WORK TO BE COMPLETED - Beginning with the line below that contains "Stilvolle runde Granat-Ohrstecker" and ending with the line that contains "Invitrogen SuperScript II", copy every line exactly. Copy nothing else.

── DATA TO EXAMINE

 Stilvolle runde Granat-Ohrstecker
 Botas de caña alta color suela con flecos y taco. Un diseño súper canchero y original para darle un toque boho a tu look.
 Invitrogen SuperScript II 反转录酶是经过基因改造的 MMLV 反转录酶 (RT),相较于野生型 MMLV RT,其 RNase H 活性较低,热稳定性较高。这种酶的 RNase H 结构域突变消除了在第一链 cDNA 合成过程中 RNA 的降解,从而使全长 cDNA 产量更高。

────
── DATA TO EXAMINE

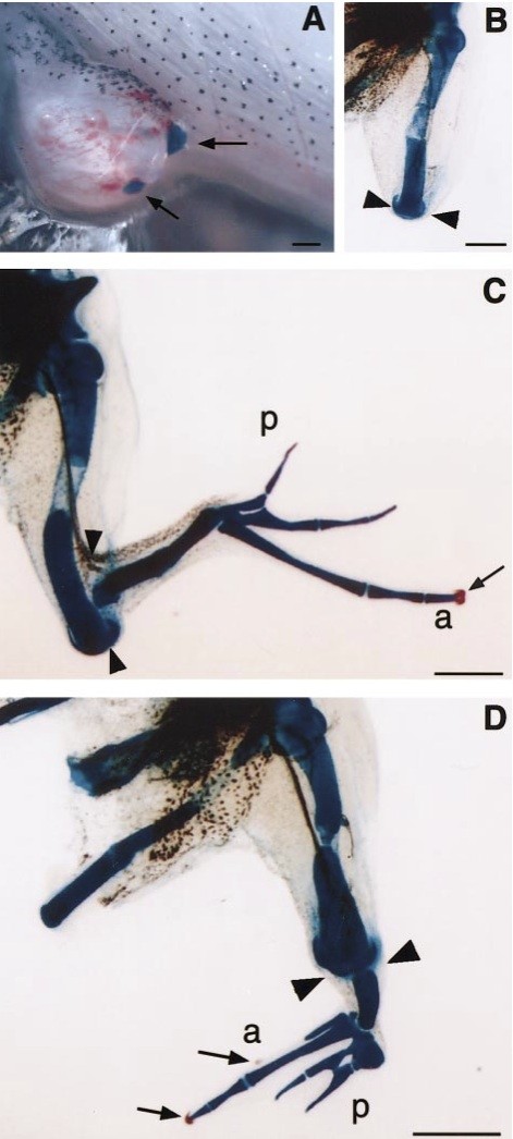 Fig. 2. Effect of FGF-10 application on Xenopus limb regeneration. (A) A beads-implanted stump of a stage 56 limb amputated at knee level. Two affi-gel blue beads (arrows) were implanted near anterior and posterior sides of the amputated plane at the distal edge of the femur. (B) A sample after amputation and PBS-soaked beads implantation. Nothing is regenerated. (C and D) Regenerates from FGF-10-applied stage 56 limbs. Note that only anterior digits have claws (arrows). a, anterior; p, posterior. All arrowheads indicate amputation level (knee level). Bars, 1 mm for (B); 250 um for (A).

────

EXERCISE RESULT -
 Stilvolle runde Granat-Ohrstecker
 Botas de caña alta color suela con flecos y taco. Un diseño súper canchero y original para darle un toque boho a tu look.
 Invitrogen SuperScript II 反转录酶是经过基因改造的 MMLV 反转录酶 (RT),相较于野生型 MMLV RT,其 RNase H 活性较低,热稳定性较高。这种酶的 RNase H 结构域突变消除了在第一链 cDNA 合成过程中 RNA 的降解,从而使全长 cDNA 产量更高。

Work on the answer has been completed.